→ **PROBLEM TO SOLVE**: What follows is a listing. Return every line of it exactly.

☆ ☆ ☆ ☆ ☆ ☆ ☆

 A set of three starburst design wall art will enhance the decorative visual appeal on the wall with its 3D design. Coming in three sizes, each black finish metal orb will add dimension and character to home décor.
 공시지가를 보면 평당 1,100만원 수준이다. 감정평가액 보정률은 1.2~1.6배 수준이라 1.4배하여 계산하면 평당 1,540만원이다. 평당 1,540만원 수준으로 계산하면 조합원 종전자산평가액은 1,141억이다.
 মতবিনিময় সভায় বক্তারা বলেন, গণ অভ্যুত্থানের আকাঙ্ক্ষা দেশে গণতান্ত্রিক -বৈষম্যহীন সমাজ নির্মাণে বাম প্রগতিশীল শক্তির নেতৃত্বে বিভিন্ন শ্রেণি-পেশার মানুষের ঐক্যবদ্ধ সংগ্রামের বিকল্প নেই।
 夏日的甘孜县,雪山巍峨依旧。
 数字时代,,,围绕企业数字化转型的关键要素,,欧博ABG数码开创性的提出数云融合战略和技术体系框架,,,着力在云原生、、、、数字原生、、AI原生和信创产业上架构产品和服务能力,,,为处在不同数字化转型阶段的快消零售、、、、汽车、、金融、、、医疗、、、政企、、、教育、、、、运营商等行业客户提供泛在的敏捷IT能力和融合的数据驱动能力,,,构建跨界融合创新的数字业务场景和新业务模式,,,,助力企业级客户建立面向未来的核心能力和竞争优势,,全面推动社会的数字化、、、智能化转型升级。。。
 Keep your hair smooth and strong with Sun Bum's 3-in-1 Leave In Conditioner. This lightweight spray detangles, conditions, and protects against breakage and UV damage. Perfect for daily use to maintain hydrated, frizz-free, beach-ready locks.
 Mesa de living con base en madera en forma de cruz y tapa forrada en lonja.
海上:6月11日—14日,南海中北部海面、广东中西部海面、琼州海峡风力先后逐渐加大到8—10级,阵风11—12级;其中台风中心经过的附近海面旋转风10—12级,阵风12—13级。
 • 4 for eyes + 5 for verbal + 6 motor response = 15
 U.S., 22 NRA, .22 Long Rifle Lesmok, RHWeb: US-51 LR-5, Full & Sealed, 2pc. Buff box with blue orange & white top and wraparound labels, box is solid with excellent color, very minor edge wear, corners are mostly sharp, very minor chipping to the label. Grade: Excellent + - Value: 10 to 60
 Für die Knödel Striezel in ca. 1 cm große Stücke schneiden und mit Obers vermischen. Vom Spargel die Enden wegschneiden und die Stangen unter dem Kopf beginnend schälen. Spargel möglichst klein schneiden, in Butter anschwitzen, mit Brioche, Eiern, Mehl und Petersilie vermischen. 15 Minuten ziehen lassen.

☆ ☆ ☆ ☆ ☆ ☆ ☆

→ **RESPONSE TO THIS TASK**:
 A set of three starburst design wall art will enhance the decorative visual appeal on the wall with its 3D design. Coming in three sizes, each black finish metal orb will add dimension and character to home décor.
 공시지가를 보면 평당 1,100만원 수준이다. 감정평가액 보정률은 1.2~1.6배 수준이라 1.4배하여 계산하면 평당 1,540만원이다. 평당 1,540만원 수준으로 계산하면 조합원 종전자산평가액은 1,141억이다.
 মতবিনিময় সভায় বক্তারা বলেন, গণ অভ্যুত্থানের আকাঙ্ক্ষা দেশে গণতান্ত্রিক -বৈষম্যহীন সমাজ নির্মাণে বাম প্রগতিশীল শক্তির নেতৃত্বে বিভিন্ন শ্রেণি-পেশার মানুষের ঐক্যবদ্ধ সংগ্রামের বিকল্প নেই।
 夏日的甘孜县,雪山巍峨依旧。
 数字时代,,,围绕企业数字化转型的关键要素,,欧博ABG数码开创性的提出数云融合战略和技术体系框架,,,着力在云原生、、、、数字原生、、AI原生和信创产业上架构产品和服务能力,,,为处在不同数字化转型阶段的快消零售、、、、汽车、、金融、、、医疗、、、政企、、、教育、、、、运营商等行业客户提供泛在的敏捷IT能力和融合的数据驱动能力,,,构建跨界融合创新的数字业务场景和新业务模式,,,,助力企业级客户建立面向未来的核心能力和竞争优势,,全面推动社会的数字化、、、智能化转型升级。。。
 Keep your hair smooth and strong with Sun Bum's 3-in-1 Leave In Conditioner. This lightweight spray detangles, conditions, and protects against breakage and UV damage. Perfect for daily use to maintain hydrated, frizz-free, beach-ready locks.
 Mesa de living con base en madera en forma de cruz y tapa forrada en lonja.
海上:6月11日—14日,南海中北部海面、广东中西部海面、琼州海峡风力先后逐渐加大到8—10级,阵风11—12级;其中台风中心经过的附近海面旋转风10—12级,阵风12—13级。
 • 4 for eyes + 5 for verbal + 6 motor response = 15
 U.S., 22 NRA, .22 Long Rifle Lesmok, RHWeb: US-51 LR-5, Full & Sealed, 2pc. Buff box with blue orange & white top and wraparound labels, box is solid with excellent color, very minor edge wear, corners are mostly sharp, very minor chipping to the label. Grade: Excellent + - Value: 10 to 60
 Für die Knödel Striezel in ca. 1 cm große Stücke schneiden und mit Obers vermischen. Vom Spargel die Enden wegschneiden und die Stangen unter dem Kopf beginnend schälen. Spargel möglichst klein schneiden, in Butter anschwitzen, mit Brioche, Eiern, Mehl und Petersilie vermischen. 15 Minuten ziehen lassen.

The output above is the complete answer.